Epidemiologists examining causes of deaths reported from Feb. 11 to March 5 have added 59 deaths to the storm’s toll, bringing it to 210.
July 14, 2021, 4:03 p.m. ET
The death toll from the freezing winter weather that battered Texas and caused widespread power outages this year has risen by 59, bringing the total to 210, officials said.
The human loss — of young and old, in urban and rural communities — has devastated families across Texas. The Department of State Health Services, which released the latest data on Tuesday, said the numbers could rise as epidemiologists examine the causes of deaths reported from Feb. 11 to March 5.
“The majority of confirmed deaths were associated with hypothermia,” the department said in a report. Other deaths were caused by vehicle accidents, carbon monoxide poisoning, falls, fire, and exacerbation of chronic illnesses tied to the winter storm, it said.
The deaths took place across 60 counties, the data shows. The hardest hit were Harris County, with 43 confirmed storm deaths; Travis County, with 28; and Dallas, with 20.
Harris County, which includes Houston, is the state’s most populous county, with more than four million people, followed by Dallas County, with more than 2.6 million. Travis County, which includes Austin, the state capital, is the fifth most populous, with about 1.2 million people.
The winter storm swept across Texas in mid-February, plunging the state into freezing cold and pushing the power grid to the brink of collapse. Millions of residents were forced to boil water, use generators, huddle in idling cars for heat and scour for wood to feed fires during some of the most frigid weather recorded in state history.
Initial estimates for the death toll were 57 in mid-March, but the toll continued to climb as the months unfolded, reaching 111 at the end of the month, department figures show. It was revised twice in April until it reached 151.
Epidemiologists continue to scrutinize death certificates, linking causes of death to the storm, the department said. Another update will most likely come next month before the health department issues a final report, Douglas Loveday, a department spokesman, said on Wednesday.

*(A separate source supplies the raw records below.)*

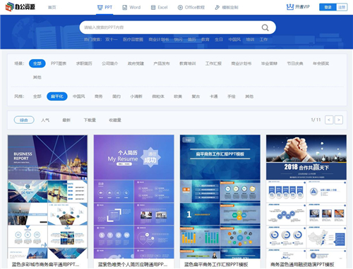 当然这种扁平化风格的PPT虽然显得非常高级好看,不过手动制作起来可能不太好制作。那么我们可以取巧,登陆办公资源网,选取PPT模板,选择扁平化风格,直接套用进PPT就可以了。当然办公资源可选的风格非常多,还包括中国风、商务、微粒体等等,也非常好用。
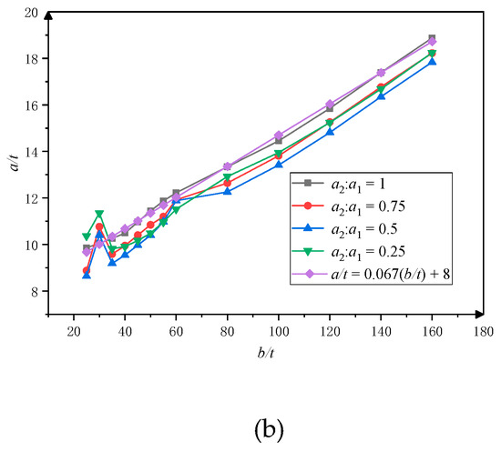 As shown in Figure 10a, the constraint effects of complex edge stiffeners under a2:a1 = 1, a2:a1 = 0.75, and a2:a1 = 0.5 are obviously better than that of a2:a1 = 0.25. The constraint effect is worse and should be avoided when a2:a1 = 0.25. Therefore, it is considered that the ratio of the primary edge to the secondary edge should not be greater than 2. The relationship between a/t and b/t is linear according to l/t = b/t, and the minimum value of the edge stiffener width−thickness ratio in different proportions can be selected according to Equation (5), where a2:a1 ≥ 0.5.
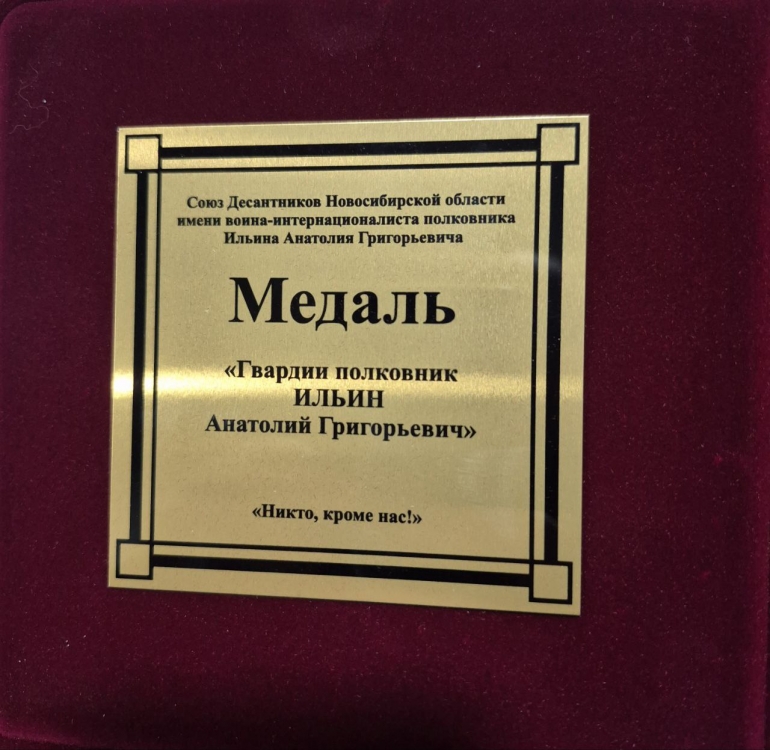 Депутат ЗСО Юрий Мухин сообщил, что вместе с депутатом УГД Дмитрием Кочкаревым по поручению боевых братьев из Союза десантников Новосибирской области вручил генералу Вадиму Орлову медаль полковника Анатолия Ильина.

The scale of loss ranked the storm far above other disasters in the state, even worse than Hurricane Harvey, which claimed at least 68 lives in 2017.

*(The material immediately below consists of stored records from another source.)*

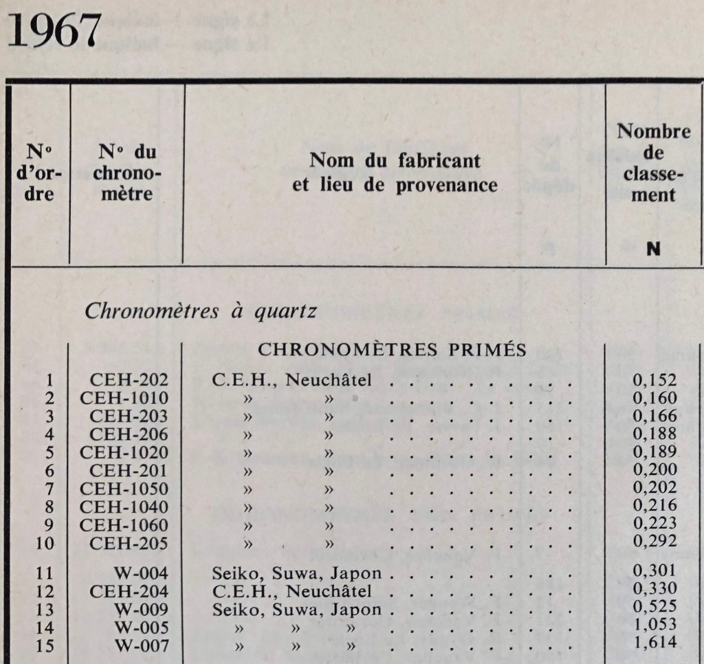 All along the last months of 1967, most of the 20 hand made Beta 1 prototypes (numbered CEH-1xx, why these have been renumbered CEH-1xx0 on paper during the observatory competition is unknown) and Beta 2 prototypes (numbered CEH-2xx) were brought to the Neuchâtel Observatory by Jean Hermann for precision testing (1).
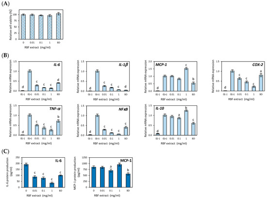 The cytotoxic effects of RBF extract on RAW 264.7 macrophages were evaluated using the MTT assay to identify non-cytotoxic doses for subsequent anti-inflammatory experiments. As shown in Figure 1A, RBF extract concentrations ranging from 0.01 to 1 mg/mL did not affect the viability of LPS-activated macrophages. This indicates that the observed anti-inflammatory effects were not due to cytotoxicity of the extract. In these experiments, macrophages were treated with LPS to stimulate an immune response and promote the release of inflammatory cytokines, as illustrated in Figure 1B.
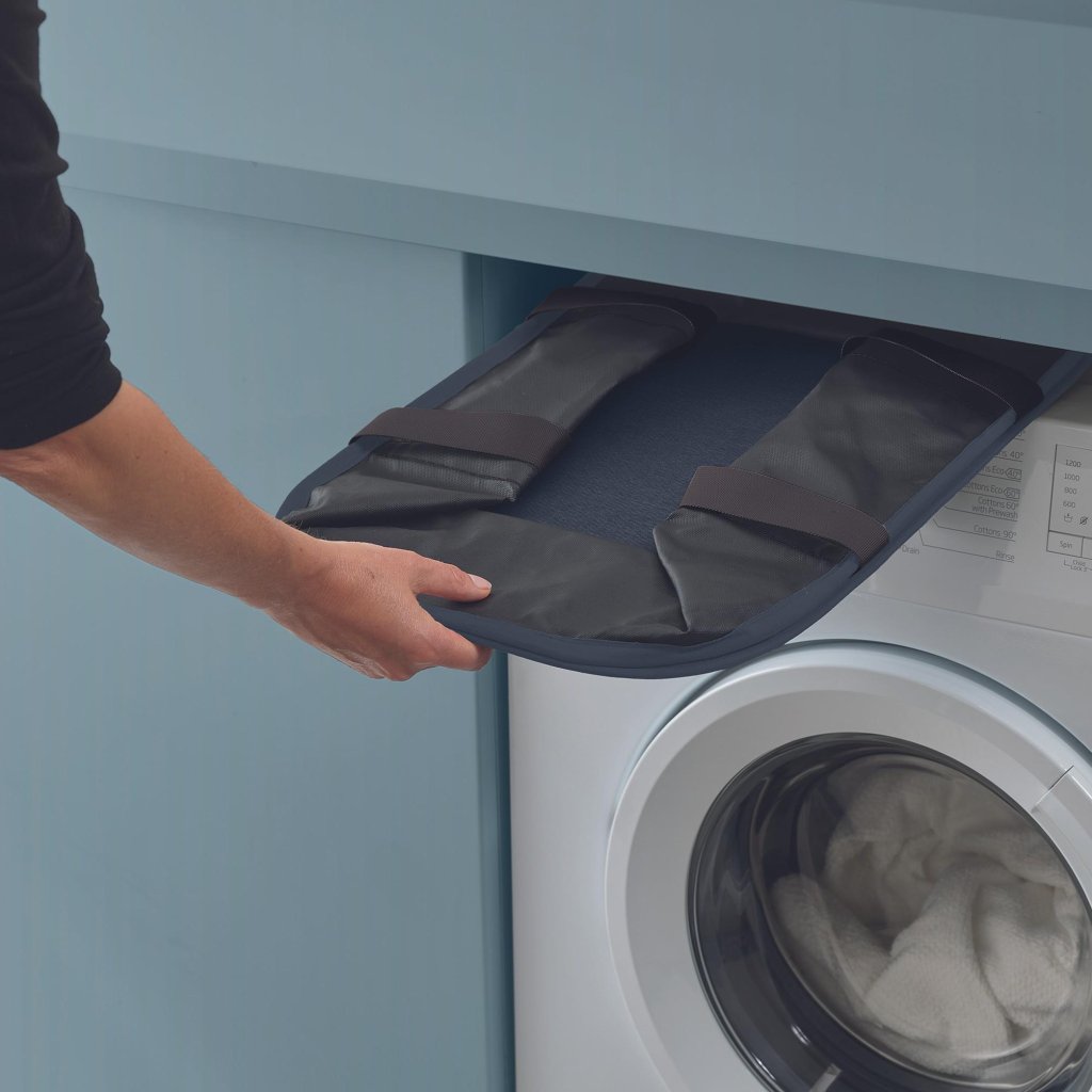 - Dzięki możliwości płaskiego złożenia, łatwo wsuniesz ją w wąską przestrzeń obok pralki lub schowasz do szafy, gdy jej aktualnie nie używasz.

The fallout of the winter storm included calls for accountability from elected officials and the regulation-resistant power industry in Texas, the nation’s leading energy-producing state.
“People needed heat, people needed power and they didn’t have it for days,” Celesté Arredondo-Peterson, a director with the Texas Organizing Project, an advocacy group, said in an interview.

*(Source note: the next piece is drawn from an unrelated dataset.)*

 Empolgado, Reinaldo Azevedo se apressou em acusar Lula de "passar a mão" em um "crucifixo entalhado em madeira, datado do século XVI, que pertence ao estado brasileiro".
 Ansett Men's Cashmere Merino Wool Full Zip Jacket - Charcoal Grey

“The only word I can use is shock, shock that many people in the richest country in the world froze to death,” she said.
In San Antonio, Manuel M. Riojas, 64, struggled to breathe as power outages cut off the supply from an oxygen machine he had used since a diagnosis of esophageal cancer. He died in a hospital on Feb. 16, according to his family and an obituary.
In Conroe, about 40 miles north of Houston, Maria Elisa Pineda found her son, Cristian Pineda, 11, dead in his bed in mid-February. The medical examiner said that the cause of death was carbon monoxide poisoning, according to Domingo Garcia, a lawyer who is representing Ms. Pineda in a wrongful-death lawsuit.
Rural areas were not spared. Days after Cristian was found dead, the authorities discovered the lifeless body of Pauline Dearing, 86, in her backyard in Abilene, in Taylor County, a mostly rural region in northern Texas where at least seven people died during the storm.
Temperatures had reached 5 degrees, their lowest since 1983 and a record for Abilene.
Ms. Dearing, who had dementia, had wandered outside and collapsed, said Mike McAuliffe, a justice of the peace in the county. He said the paramedics told county officials that it appeared that she had broken a leg and was not able to get back inside.
They found her six feet from a back door.
In her obituary, relatives remembered Ms. Dearing as a dedicated mother and grandmother of 11. One of her four surviving sons, Richard Dearing, described her death as “really sad.” Given how unprepared the state found itself during the winter storm, Mr. Dearing said he was surprised the death toll “wasn’t a lot higher.”